- **Instructions for the task**: With pictures left out, copy exactly every line from the one containing "新しいハート型ジルコンピアス" through the end of the material.

- **Data segment**:
------------------------------------

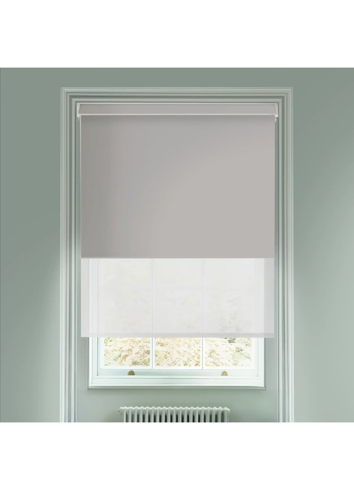 Blackout Windsor Light Grey and Sheer Metal Electric Double Roller Blind
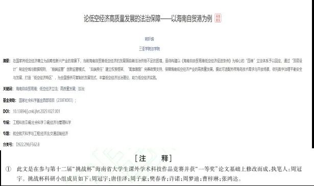 在竞赛成果基础上,团队进一步深化研究,在《财经理论研究》期刊上发表了《论低空经济高质量发展的法治保障——以海南自贸港为例》学术论文。文章系统探讨了低空经济政策与法律体系的协调路径,提出了构建“有限赋权”低空空域监管制度、建立权益保障机制等创新建议,为海南自贸港低空经济立法提供了理论支撑。
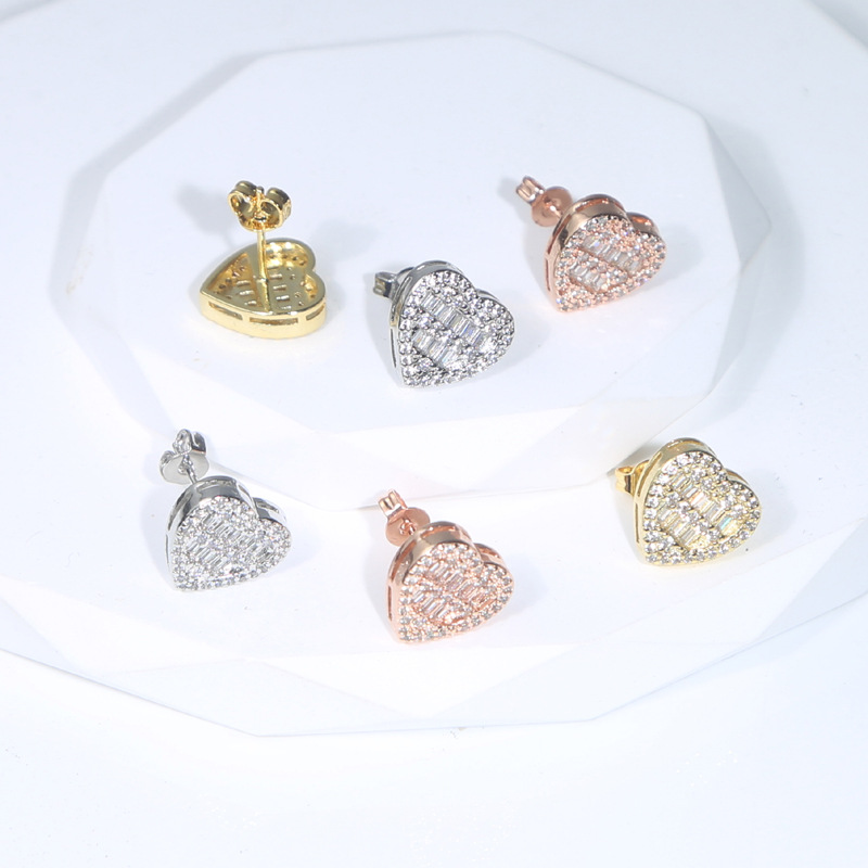 新しいハート型ジルコンピアスins風銅にジルコンを入れた軽やかで贅沢なレトロなファッション女性ヒップホップ耳飾り
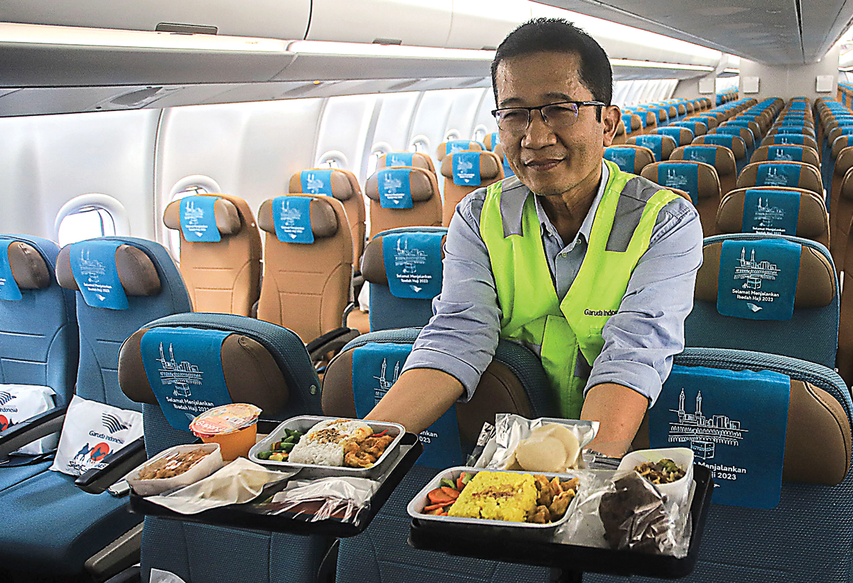 LAYANAN HAJI: Petugas menunjukkan menu makanan dalam angkutan haji di Garuda Maitenance Service Bandara Soekarno-Hatta, Tangerang.

------------------------------------

- **Expected answer**:
 新しいハート型ジルコンピアスins風銅にジルコンを入れた軽やかで贅沢なレトロなファッション女性ヒップホップ耳飾り
 LAYANAN HAJI: Petugas menunjukkan menu makanan dalam angkutan haji di Garuda Maitenance Service Bandara Soekarno-Hatta, Tangerang.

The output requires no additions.